“Healthy anxiety is the type of anxiety which does not rule your life, but rather stimulates you to perform more and better.”
Healthy anxiety is precisely what I’ve been feeling leading up to Makersfest. I had the pleasure of interviewing the event’s co-chairs for St. Augustine Social. (The associated article detailing the event in general is copied below.) Eagerness for a repeat positive experience for this third annual event had me energized despite a seriously rainy morning.
Waking up to the soft sounds of rainfall made getting out of bed a slow and calculated process. It was a mind over mattress moment. The hourly forecast said the rain would subside two hours into the event around 1pm.
For me, Makersfest has proven to be an opportunity for sibling bonding with my younger brother. He’s a college student 13 years my junior, and sometimes I still see him as the small child he was not long ago.
As we entered the amphitheater gates this afternoon, a dreamlike atmosphere engulfed us.
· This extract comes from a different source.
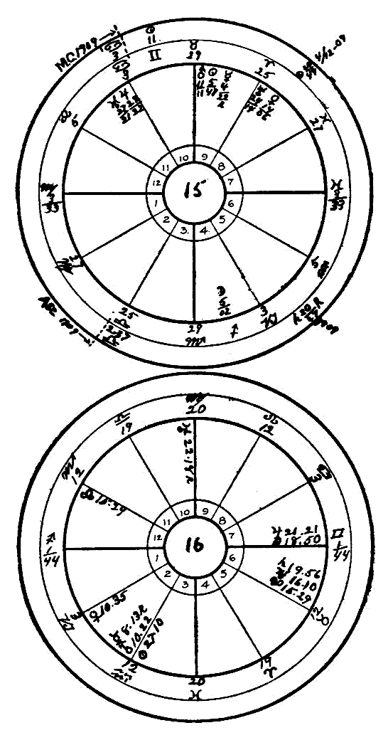 Horoscope No. 16 shows the natal configuration of an actress. Sagittarius is rising; Jupiter and the Moon are in close conjunction in Gemini, a mercurial sign, and are supported by a trine of the Sun; thus she had a most healthy constitution at birth, so far as the lung power is concerned. Mars and Mercury are also in an airy sign, giving energy to respiration and it thus seems as though this person were singularly well fortified against pulmonary trouble. But Saturn, Neptune and the Dragon's Tail in Taurus in the Sixth House, give a tendency to colds and contraction of the throat. Uranus in Virgo produces convulsive movements of the diaphragm and abdominal region; he is square to Jupiter and the Moon, and thus we see how graphically the stellar script pictures the tendency to convulsive coughing and hemorrhages which nearly brought the young woman to an early grave when Mars, by progression, came into conjunction with the radical Sun and vivified the square to Saturn. We rejoice to say that the good aspects first mentioned enabled the young woman to weather the storm; but close attention to diet, regular living and above all absolute continence are required to regain full physical strength, for there is much evidence to show that license played an important part in reducing the life forces and robbing her of the needed strength at the critical period.

Under overcast skies and tents heavy with water, dozens of familiar faces meandered the venue. The property acted like a powerful magnet that seemed to draw most of the locals I’ve come to know and befriend over the years. Moments like that remind me how far I’ve come in accepting this picturesque coast as my home after 17 years spent in New York. The community came out in droves to support this cause for the SAPMS (St. Augustine Public Montessori School). One of the first faces I recognized was that of Amy Angellili. We were due to catch up. I’m hoping to enroll in her level 2 improv course sometime next year.
Before long, I caught sight of Rachel Sobenesdesme and gave her a big hug. She was in full mom-mode as her son prepared for a performance on one of the backyard stages. It was 15 minutes til showtime, and she eagerly waited for him to suit up.
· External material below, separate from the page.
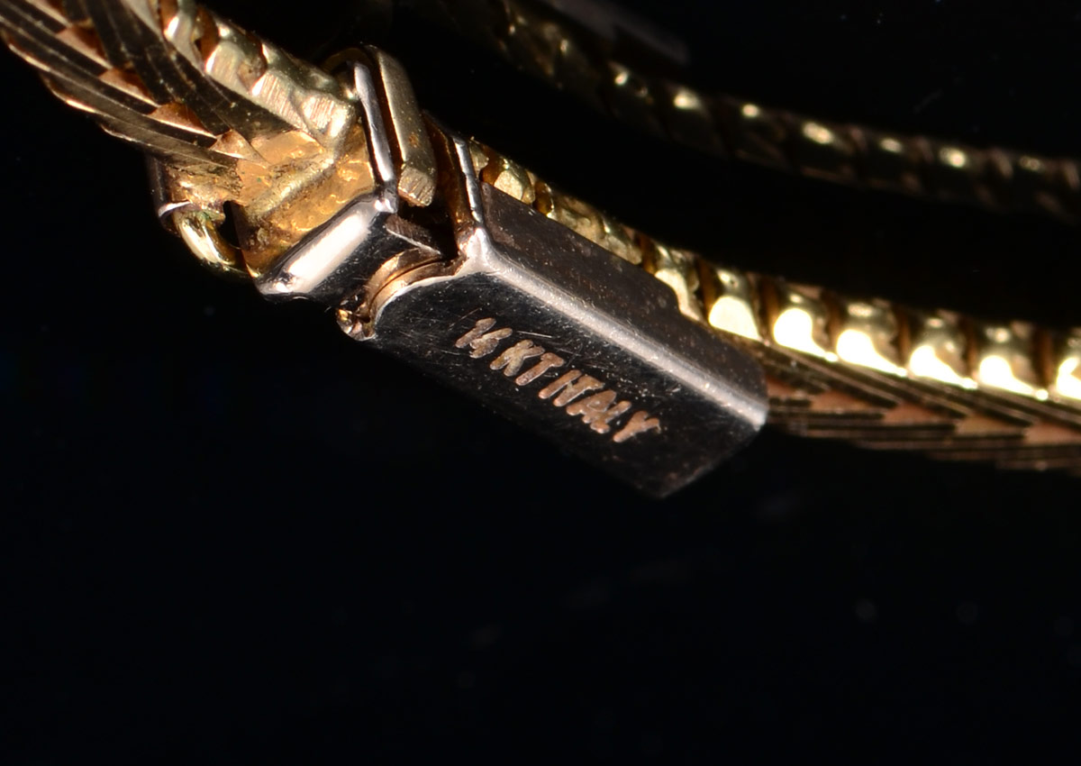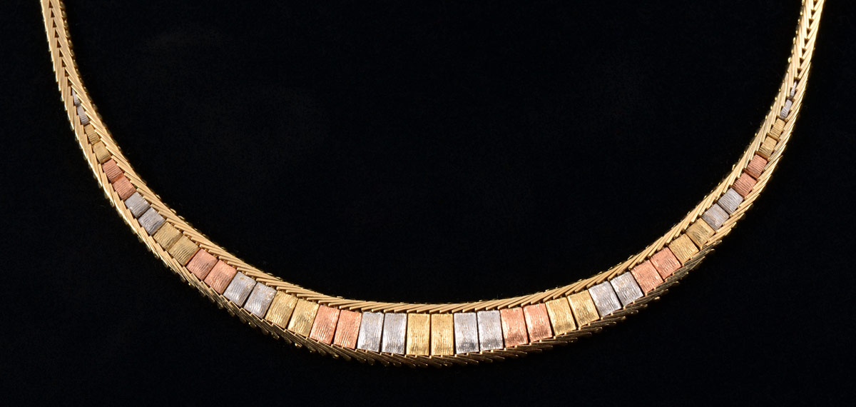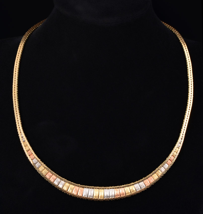 ITALIAN 14K GOLD NECKLACE: Multi-toned panel design, marked 14k Italy. Approx. 15 3/4'' long, 25.8 grams.

The whirlwind carried us downstairs where Venardos Circus put on plate spinning and juggling acts that called The Greatest Showman to mind.
The first maker station my brother and I visited was in Nature World. We made hanging and animal terrariums, which later found a home next to a magnetic hourglass that we keep on a “creative table” in our kitchen. It felt grounding to get our hands dirty with soil, succulents, and rocks.
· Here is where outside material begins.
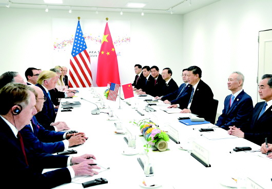 29日,国家主席习近平同特朗普在大阪举行会晤。 新华社发

From there, music seemed to occupy the theme of our experience. We ran into Lu Rubino while he was mixing audio during a friend’s acoustic performance. He has such a calming effect on people and is such a gracious presence.
Just around the corner from the covered stage where we found Lu were Nolan Baker and Matthew Kirkland of Salt & Pine. If you keep up with my blog, you’re probably starting to grasp why this event felt like a dream in which all the people you know in real life make appearances. Salt & Pine did a performance a few hours before we ran into each other. My brother has heard me discuss them quite a bit, so it was nice to introduce him.
I enjoy experiences that remind us that there is a great deal of common ground among mankind. In line with that, an ingenious work of public art was set up behind the amphitheater’s main stage. The exhibit’s description read,
Help us discover what shapes the people of St. Augustine and all the threads that connect us by taking part in the creation of this public art. To participate, choose one or more of these colored threads to answer the questions above by connecting relevant words together. Through this visual language, you can share your feelings, influences, thoughts, and inspirations, which made you the person that you are today.
Isn’t that beautiful?
A few steps from the above exhibit stood Dawn Langton of Langton’s Scarves & Sundries. She’s one of my fellow Go Headquarters athletes. She has salvaged garments and fabrics during her travels and thrifting, transforming them into unique scarves. Each garment has a layered story to tell, sometimes involving the thousands of miles they have traveled. Be sure to check her work out at langtonscarves.com .
When I interviewed the co-chairs of Makersfest for St. Augustine Social, Kate Gardiner mentioned the ever popular button making station and the satisfaction that comes from clamping down the button press while customizing designs. The day’s currency were pre-purchased sheets of perforated tickets. My last three were spent on customized buttons/pins: one of an observatory under a waxing moon, one of a mountainscape with fall foliage in the foreground, and one of an old military barracks here in St. Augustine. I think I’ll interchangeably pin them to the satchel I can’t seem to part with regardless of where I’m going.
Between that satchel, my Patagonia shirt, and Birkenstock’s...I’d say my transformation into a Canadian soccer dad is almost complete, lol. Did I mention I drive a Subaru?
What follows appeared in St. Augustine Social’s Dec/Jan Issue:
Do you know someone with a side hustle? These days, more and more of us need them just to keep up with basic expenses. For St. Augustinians at large, these supplemental income streams are born of artistic passion and a love of handiwork.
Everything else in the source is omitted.